Ed ecco che, a meno di un mese dall’entrata in vigore dell’ LCFS (proposto già nel 2007, approvato ad aprile 2009 ma reso operativo da gennaio), gli interessi delle fonti fossili hanno già alzato la voce, iniziando una battaglia legale. Secondo la National Petrochemical & Refiners Association (NPRA) il sistema istituto sarebbe illegale poiché impone “balzelli non dovuti ed incostituzionali sul commercio interstatale”. Di più: secondo la lobby – cui si sono subito aggregati il Centre for North American Energy Security e i trasportatori dell’ American Trucking Associations – oltre ad avere “un impatto scarso o nullo” sulla riduzione della CO2, l’LCFS metterebbe a rischio la sicurezza energetica nazionale “penalizzando l’uso del greggio Canadese e dei biocarburanti prodotti nel mid West”.

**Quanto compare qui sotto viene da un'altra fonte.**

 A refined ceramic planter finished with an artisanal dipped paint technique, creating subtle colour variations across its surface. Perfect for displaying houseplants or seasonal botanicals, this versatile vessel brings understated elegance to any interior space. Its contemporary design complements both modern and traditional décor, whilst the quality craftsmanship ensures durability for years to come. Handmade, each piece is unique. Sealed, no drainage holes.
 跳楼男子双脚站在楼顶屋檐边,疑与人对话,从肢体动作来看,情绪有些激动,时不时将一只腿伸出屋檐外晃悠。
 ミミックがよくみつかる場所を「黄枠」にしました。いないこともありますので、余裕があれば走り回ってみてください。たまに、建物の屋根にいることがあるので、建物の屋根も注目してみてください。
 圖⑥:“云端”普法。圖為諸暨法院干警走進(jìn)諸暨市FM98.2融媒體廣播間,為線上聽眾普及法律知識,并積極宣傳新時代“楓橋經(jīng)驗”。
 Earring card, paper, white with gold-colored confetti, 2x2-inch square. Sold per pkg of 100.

Primo provvedimento del genere al mondo, l’LCFS californiano, infatti, cambierebbe di molto il mondo dei carburanti. Lo standard si basa sull’analisi dell’intero ciclo di vita dei vari combustibili, compresi cioè produzione e trasporto: “dal pozzo alla ruota” o “dal seme alla ruota” nel caso dei biocarburanti. Proprio attorno questi ultimi erano sorte delle controversie, in particolare sulla metodologia di conteggio delle emissioni legate al cambio d’uso del suolo: in una concessione all’industria dell’etanolo si è deciso che queste verranno calcolate solo a partire dal 2011.

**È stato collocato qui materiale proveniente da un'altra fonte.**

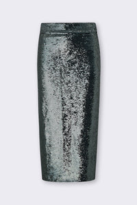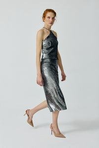 Confeccionada en lentejuela elástica gris plomo, esta falda midi se adapta al cuerpo realzando la silueta sin renunciar a la comodidad. La abertura trasera permite moverse con soltura, mientras que su diseño limpio la convierte en una prenda perfecta para noches especiales. Disponible el top a conjunto en lentejuela gris plomo para un total look infalible.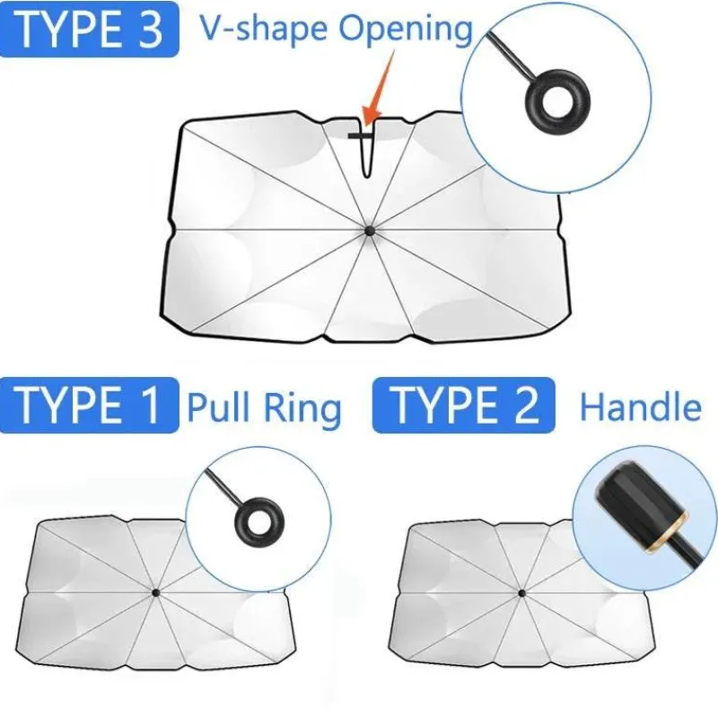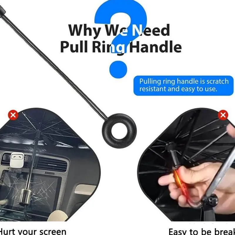 Der Regenschirm ist benutzerfreundlich gestaltet, lässt sich mühelos entfalten und bei Nichtgebrauch bequem verstauen. Er ist ideal für Fahrer, die den Innenraum ihres Autos pflegen und an heißen Tagen für mehr Komfort sorgen möchten. Dank seines kompakten Designs nimmt er wenig Platz ein und ist sowohl effizient als auch praktisch.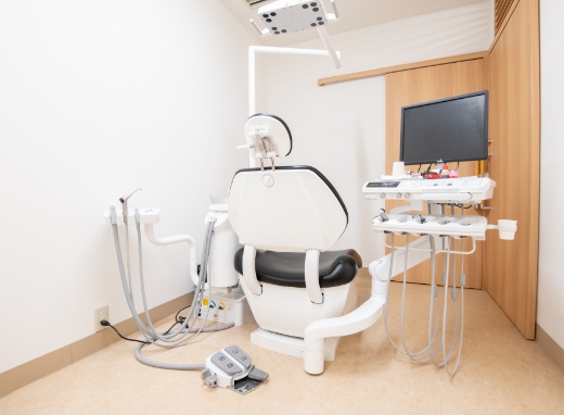 診療室内は、半個室の木目を基調にした清潔感のある明るい空間です。現在、感染予防対策の一環として、イソジンなどで診療前に【うがい】のご協力をお願いしております。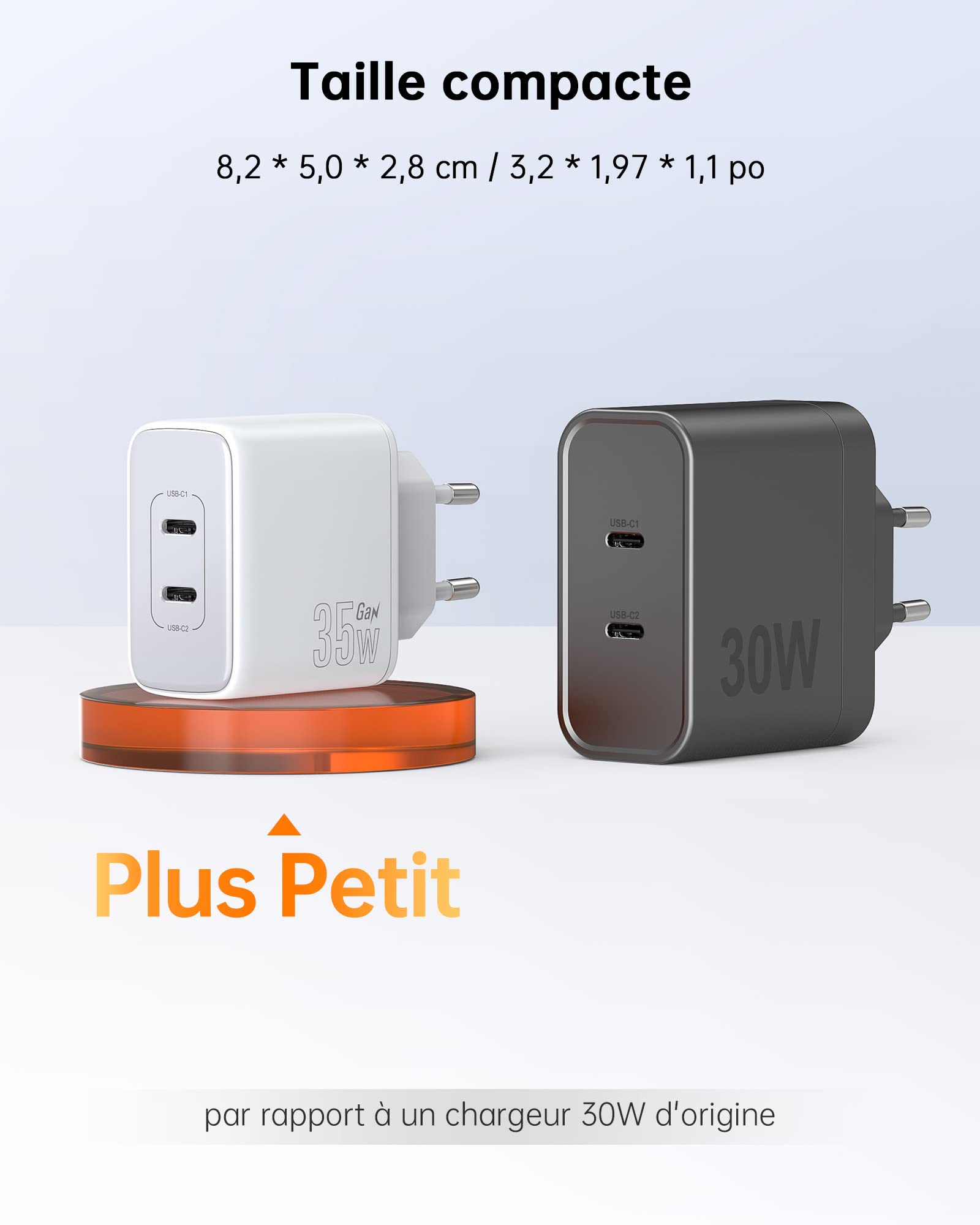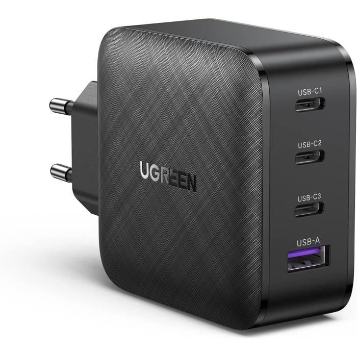 Chargeur 4 Ports USB-C USB-A 65W 4 Ports Chargeur Usb C Rapide Compatible Avec Macbook Pro Air Ipad Chargeur Samsung Charge Rapide UGREEN CHARGEUR 65W Gan Rapide 4-Port USB C Mural Puissance Adaptateur Chargeur USB C 65W, Charge Rapide PD3.0 PPS, GaN II avec Câble Tressé 2M, Compatible pour MacBok Pro/Air, pour Samsung Galaxy S25/S24/S23/S22 Ultra, pour iPhone... Cette longueur étendue offre la flexibilité nécessaire pour organiser vos appareils selon votre convenance tout en chargeant avec le chargeur rapide. 【Compatibilité Universelle & Chargement Multi-Appareils】Conçu pour une large gamme d'appareils, ce chargeur GaN dispose de 4 ports (USB A+C) vous permettant de charger plusieurs appareils simultanément. Qu'il s'agisse d'un MacBook, d'un smartphone ou d'une tablette, profitez d'une compatibilité transparente et d'une distribution intelligente de l'énergie pour une charge optimale de chaque appareil avec cette prise USB C. Chargez rapidement votre MacBook Air 13 M2 et retrouvez efficacement sa pleine puissance en seulement 1., 5 heure. Le hub de chargement USB garantit une expérience de chargement sûre et rapide pour vos gadgets, les gardant alimentés et prêts à l'emploi. 【Équipement de charge complet】Le chargeur MacBook comprend un chargeur mural rapide USB A+C à 4 ports, un cordon d'alimentation de 1,5 m et un manuel d'utilisation. Chaque chargeur USB C RG65 bénéficie d'une garantie de disponible 24/7 et d'un service client professionnel et convivial. Cette technologie garantit non seulement une charge rapide, mais rend également le chargeur USB C 65 W plus efficace. Chargez rapidement votre MacBook Air 13...

Ai produttori la legge californiana impone riduzioni delle emissioni che devono arrivare al 10% al 2020. Tagli della CO2 che si possono ottenere migliorando l’efficienza della filiera o partecipando ad un mercato di scambio delle emissioni. Ad esempio, un produttore di petrolio potrà acquistare crediti da un azienda più “pulita” come una che produca idrogeno da rinnovabili: nell’intenzione dei legislatori un modo per incentivare i carburanti più sostenibili. E’ chiaro come la batosta più dura vada a quei combustibili con un bilancio in termini di emissioni disastroso, come il petrolio ottenuto dalle sabbie bituminose canadesi, che per ogni barile comporta il triplo delle emissioni rispetto al petrolio convenzionale (Qualenergia.it – “L’ultima spiaggia del petrolio”).

Accolta positivamente da ambientalisti e utility elettriche, la legge, come anticipato, solo il mese scorso ha visto l’approvazione dei regolamenti che la rendono operativa. Chi è contrario fa notare il timore per un aumento dei prezzi dell’energia (ma anche dei cereali vista la spinta che darebbe ai biocarburanti) e accusi la misura di protezionismo. Ora la legalità dell’LCFS verrà decisa al tribunale di Fresno. E si può stare certi che la battaglia sarà seguita ben oltre i confini della California: sono almeno 13 gli Stati Usa che stanno lavorando a provvedimenti analoghi, senza contare lo standard a livello federale contenuto nella versione del “climate bill” approvata alla Camera, ma, come si sa, ancora ferma al Senato.